I’m glad I got some chores done yesterday (wait, am I though?), because today is going to be absolutely worthless. It took everything I had to microwave that bean and cheese burrito for lunch.
I took two Tylenol. God knows why, but I always start with Tylenol even though it doesn’t sooth anything. Not even my internalized feelings of uselessness.
I wonder if living in mom’s basement will help? I’m serious. Maybe spending time underground will shelter me from weather changes. Because Animal Crossing isn’t helping me at all today. I tried, though. Caught seven new species in about 90 minutes because it’s my first July playing.
I wish I’d told Dan to pick up some Ben & Jerry’s yesterday. I thought about putting it on the grocery list, but I was like, “Emily, you don’t need that.”
Well today I do. Thanks for nothing, internal voice of reason!
For the past week I’ve been saying it’s time to shave my head again. I’ve also been waking up every morning with the song “Nothing Compares 2U” by Sinéad O’Connor stuck in my nugget.
I’ll let you decide.
Oh, and fun fact: the internet tells me that song was written by Prince. A lot of times I read a fact like that and will be like, my entire life is a lie. This time, though, I absolutely hear it.
This morning Dan and I went to McDonald’s (curbside) to get my favorite chemo breakfast. I’m not overly proud of eating fast food this frequently. But on chemo, you do what you gotta do.

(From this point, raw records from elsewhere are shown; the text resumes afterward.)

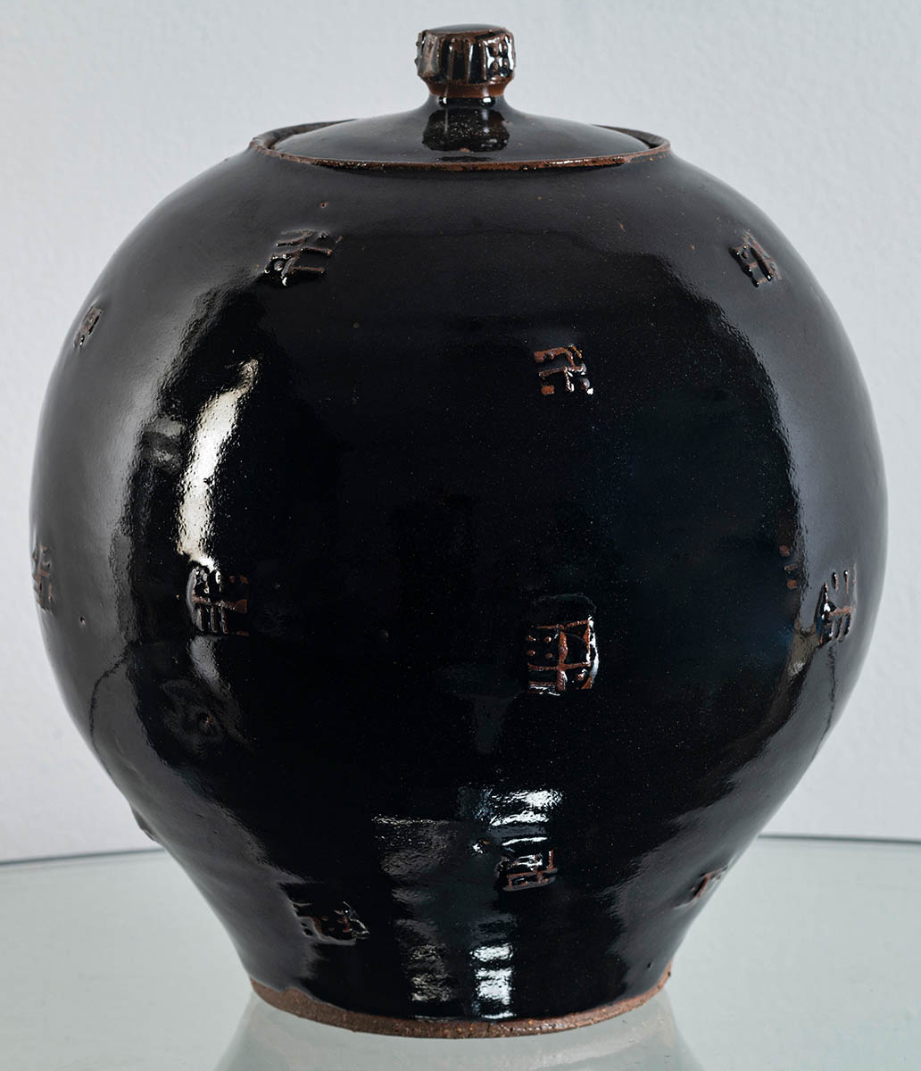Lidded jar with tenmoku glaze
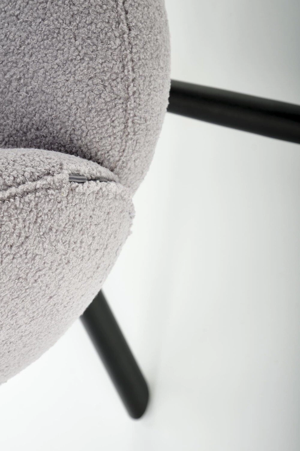 Materiały: Wykonane z tkaniny bouclé i proszkowo malowanej stali krzesło jest zarówno luksusowe, jak i komfortowe.
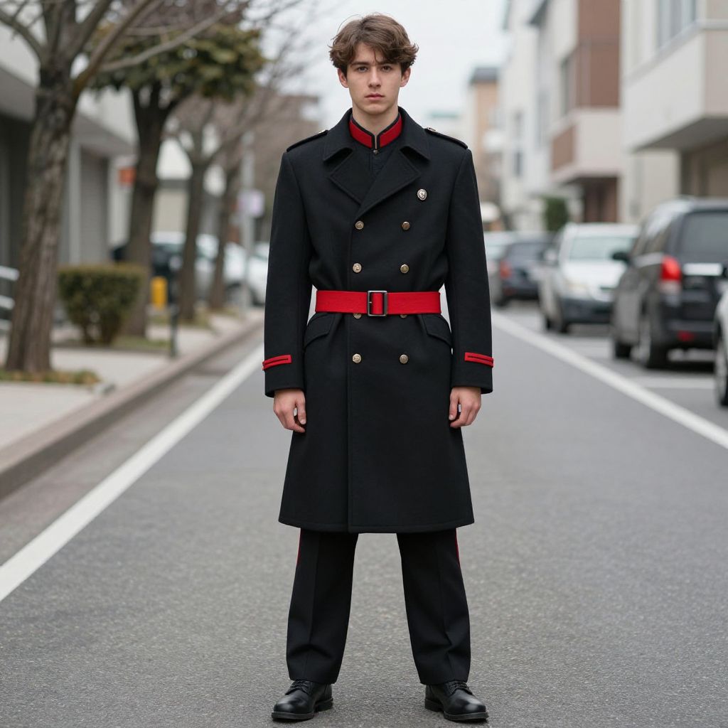 Shujin Academy Uniform Costume, male in a black coat and red belt standing in a street
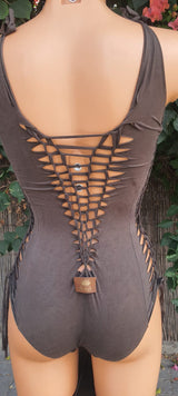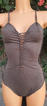 Clearance - Suede Look Brown One Piece Swimsuit For Women "SIDE"
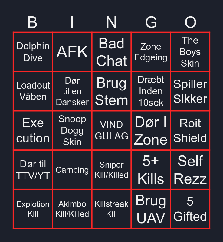 This bingo card has a free space and 24 words: Camping, Akimbo Kill/Killed, Brug Stem, Explotion Kill, The Boys Skin, Dolphin Dive, Loadout Våben, AFK, Dør I Zone, Sniper Kill/Killed, Dræbt Inden 10sek, Exe cution, 5+ Kills, Self Rezz, Dør til en Dansker, Brug UAV, Roit Shield, Bad Chat, Spiller Sikker, Snoop Dogg Skin, 5 Gifted, Dør til TTV/YT, Zone Edgeing and Killstreak Kill.
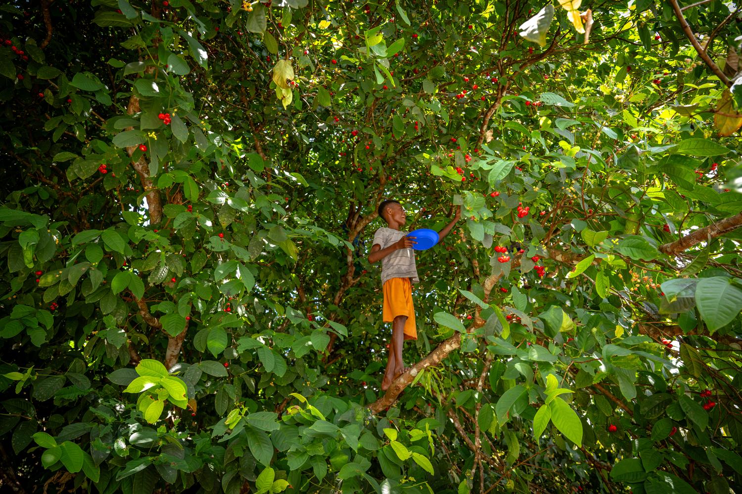 In the heart of Nakna Village, Nelci Meres — bearing his sub-tribe's name — climbs a water apple tree just meters from his home.

Plus, I put the restaurant app on my phone and they’ve been doing double points during breakfast hours. I’ve earned a free, large frappe. It’s caffeinated dessert at 9 am. Scratch that. It’s a LARGE caffeinated dessert at 9 am. And all I had to do to get it was eat there like four times this month.
And I can hear my haters now, “But Emily, you’re on a fixed income. You need to raise money again. Is eating out wise?”
To which I respond. “Clearly you know nothing about being poor or having cancer or being disabled or having a caregiver go a whole year without proper meds because insurance. But if you’re concerned, feel free to send me a gift card.
Besides, if my food stays down, so do the really pricey meds. My frappe is tasty AND frugal, baby! Tuck that away for when *you* get cancer. You’re welcome.”
Welp. It’s Thursday, and I have a lot to get to today: run Chad, shave my head, shower, fold a basket of laundry, update my Amazon list, and maybe play some Animal Crossing.
Reminder: don’t say that “must be nice” or whatever unless you would also like to do all of that with brain cancer.